I've never used Maxx Scoop, but I've tried many different kinds, including right now. I'm going back to Tidy Cat.


----------



## DebS (Jun 14, 2015)

I don't know anything about Maxx Scoop, but I have good luck with Arm & Hammer Clump & Seal.


----------



## Susan (Mar 29, 2010)

marie73 said:


> I've never used Maxx Scoop, but I've tried many different kinds, including right now. I'm going back to Tidy Cat.


 Tidy Cat seems to be the ones that the stores up here are stocking in place of Maxx Scoop. However, there are various varieties of Tidy Cat: 4-in-1, Lightweight, 24/7, etc., etc.
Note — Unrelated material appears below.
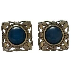 Elevate your style with these vintage Jezlaine square post stud earrings. The blue chalcedony stone adds a pop of color to any outfit, while the sterling silver metal ensures durability. These earrings are perfect for those who appreciate fine jewelry and want to add a unique piece to their collection.

So, to Marie and others who have used Tidy Cat...I want a clumping litter, but do you have any recommendations/comments on the various varieties?

Thanks!


----------



## marie73 (Jul 12, 2006)

I get the 24/7 when it's available, it has a slight citrus scent which I like. My grocery store has it on sale for $5 about once every two months and I stock up.


----------



## Susan (Mar 29, 2010)

marie73 said:


> I get the 24/7 when it's available, it has a slight citrus scent which I like. My grocery store has it on sale for $5 about once every two months and I stock up.


 I'll give it a try...although a citrus scent is odd for a litter. I've always read cats don't like the smell of citrus. Don't believe everything you read?


----------



## marie73 (Jul 12, 2006)

Well, maybe that's just how it smells to me. :grin: It's not advertised that way.

There's also a new one with Glade in it, haven't tried that one yet.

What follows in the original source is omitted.